Fin de vie: la CEDH examine le dossier de Vincent Lambert

« Laisser partir » Vincent Lambert ou le maintenir artificiellement en vie ? La Cour européenne des droits de l'homme a entamé mercredi l'examen du sort de ce tétraplégique en état végétatif, devenu l'objet d'une tragédie familiale aux enjeux éthiques complexes. Après s'être déchirés dans les prétoires français, les protagonistes de cette affaire à rebondissements se sont retrouvés pour une audience, pour trancher définitivement d'ici un à deux mois.

La procédure qui a mené le cas de Vincent Lambert devant la Cour européenne des droits de l'homme (CEDH) est tout à fait exceptionnelle. Elle n'intervient que pour des dossiers qui concernent des « questions graves » relatives à la Convention européenne des droits de l'homme lorsque tous les autres recours judiciaires ont été épuisés.

Depuis 2013, la famille de cet homme de 38 ans, maintenu artificiellement depuis six ans dans un état végétatif, s'oppose sur la question de son maintien en vie. Sa femme et l'équipe médicale se disent favorable à un arrêt des soins alors que les parents réclament leur poursuite.

La loi Leonetti de 2005 prévoit pourtant la possibilité du « laisser mourir » en arrêtant les traitements au risque d'entraîner la mort. Mais les parents de Vincent Lambert se sont juridiquement opposés à l'application de cette loi. Depuis, une course judiciaire s'est engagée sur fond de débat national.

En effet, François Hollande s'était engagé lors de son élection à faire voter « une nouvelle loi sur la fin de vie et le droit de mourir dans la dignité ». Un sujet qu'il a une nouvelle fois évoqué lors de ses résolutions 2015 pour la nouvelle année.

Respecter le vœux de Vincent

La décision de la Cour sera rendue sans doute d'ici un à deux mois. François Lambert, le neveu de Vincent Lambert, a été présent, aujourd'hui, à l'audience à Strasbourg. Il estime qu'il faut respecter le vœux de son oncle qui avait exprimé sa volonté avant sa dépendance.

François Lambert espère que les 17 juges de la Cour européenne rejetteront la requête des parents de Vincent et qu'ils confirmeront la légalité de l'arrêt du Conseil d'Etat qui en juin dernier a autorisé l'interruption de l'alimentation et de l'hydratation de son oncle : « Ils ont une position de principe, mais c’est une position de principe qui est la leur, qui n’est pas celle de Vincent. Ils ne mettent jamais en avant la personnalité de Vincent, ils ne mettent jamais en avant les souhaits qu’auraient aimés Vincent. Ils mettent en avant, en revanche, leur subjectivité sur à peu près tout. L’expertise médicale qui était assez claire sur l’état de Vincent, ils la contestent. Elle a été faite par trois personnes dont on ne peut suspecter qu’elles avaient un intérêt légitime à ce que Vincent meurt. Il ne faut pas exagérer. J’espère que la requête des parents sera irrecevable dans la matière et j’espère que la décision ira dans le souhait de Vincent. »

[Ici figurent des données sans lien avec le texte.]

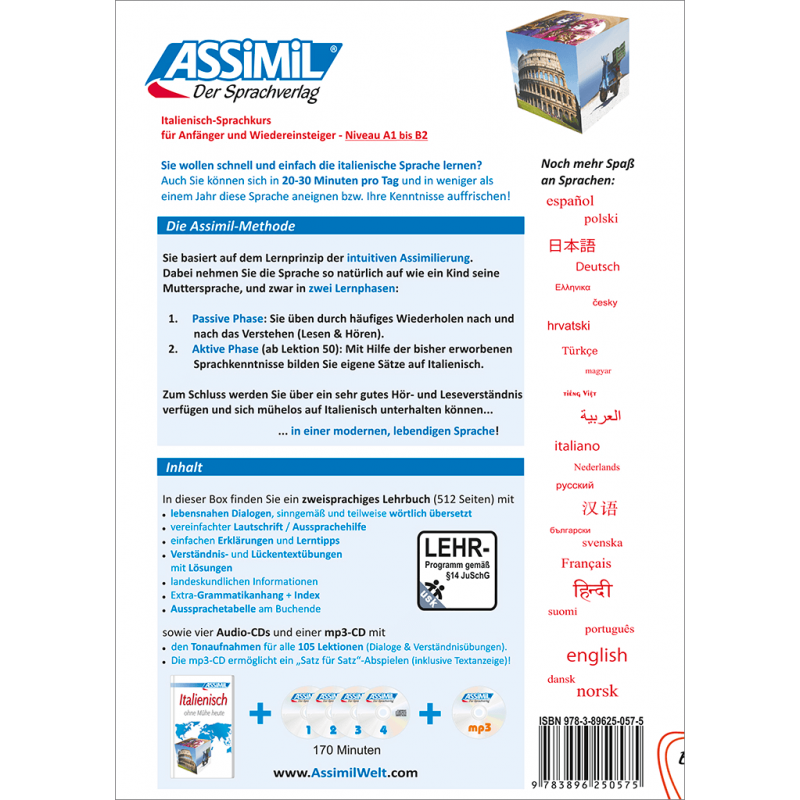 Un livre de 105 leçons en 512 pages, 4 CD audio et 1 CD mp3 (2144 fichiers) d’une durée de 2 h 50
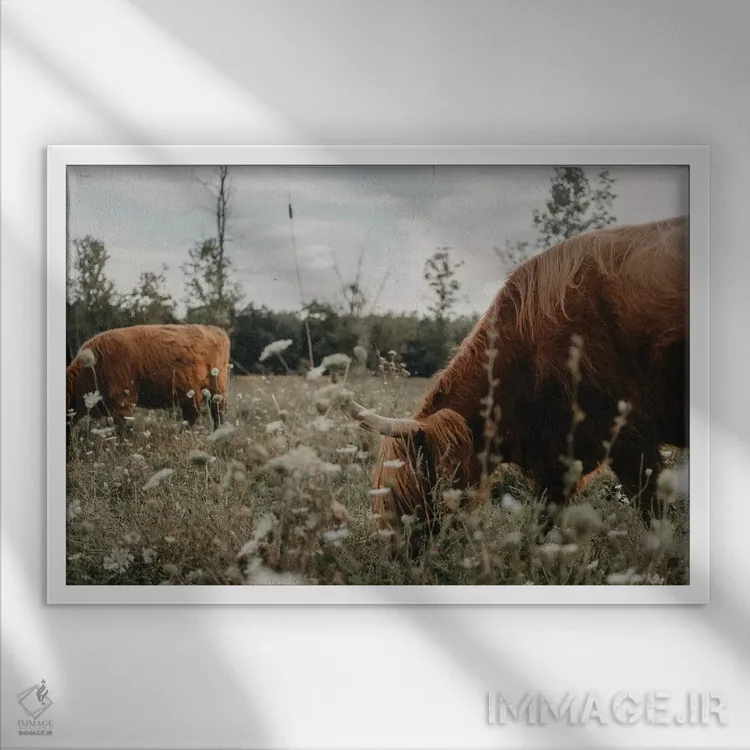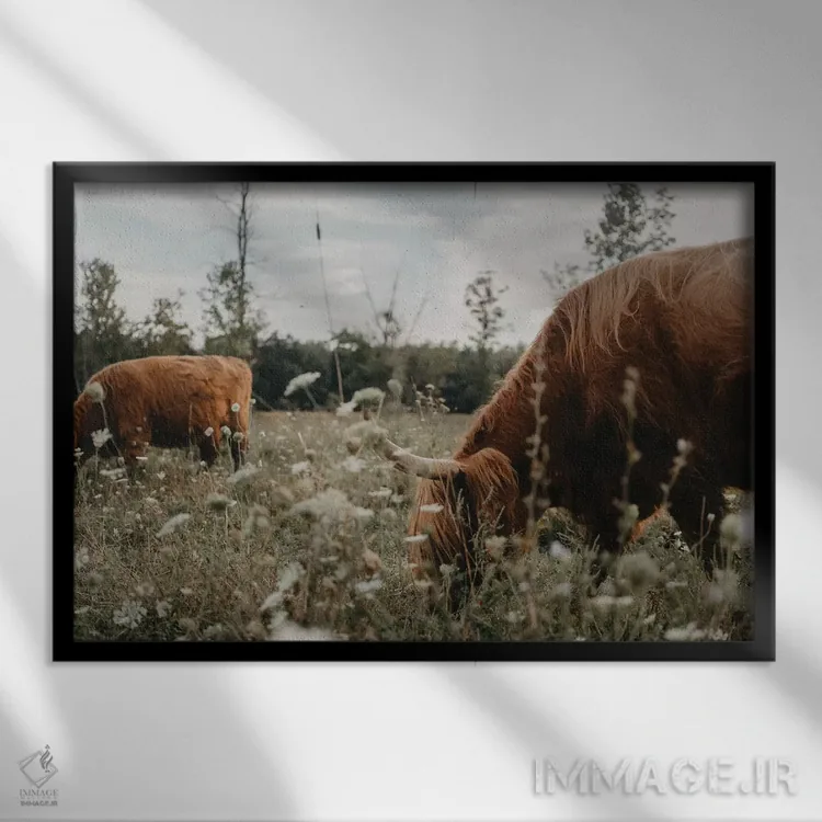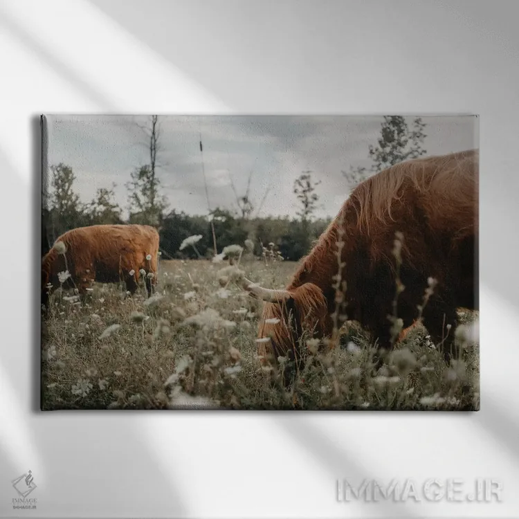 اگر به آثار حیوانات علاقه دارید، «گاوهای هایلند در چمنزار» اثرِ «چلسیا ویکتوریا» در کنار رنگهای خنثی، تضاد دلچسبی میسازد، برای هدیهدادن به دوستداران حیوانات گزینهٔ مناسبیست. برای دیوار گالریوار هم گزینهٔ خوبیست.

Quelle pourrait être la décision de la Cour européenne ?

L’audience concernant Vincent Lambert s’est tenue devant l’instance suprême de la Cour, la Grande chambre, dont les arrêts sont définitifs. Si elle donne raison au Conseil d’Etat, donc à la France, qui en application de la loi Leonetti, a autorisé en juin l’interruption des traitements de Vincent Lambert, le processus de fin de vie pourra débuter. La sonde gastrique à l’aide de laquelle il est nourrit et hydraté sera retirée et pour que son corps n’éprouve aucune souffrance, des sédatifs lui seront administrés.

Si en revanche la Cour décide de maintenir Vincent Lambert en vie, il pourrait être transféré dans un établissement spécialisé pour personnes en état végétatif. Tel en tout cas est le souhait de ses parents, qui ont fait valoir devant la Cour « le droit à la vie », garanti par la Convention européenne des droits de l’homme.

Ce n’est pas la première fois que la Cour de Strasbourg va se prononcer sur la fin de vie, mais jusqu’à présent ses jugements portaient sur l’euthanasie ou le suicide assisté. Il n’y a jamais rien eu sur l’arrêt des traitements ou l’acharnement thérapeutique.

Selon les juristes, sur tous ces sujets délicats la Cour choisit la prudence et laisse aux Etats une importante marge d’appréciation.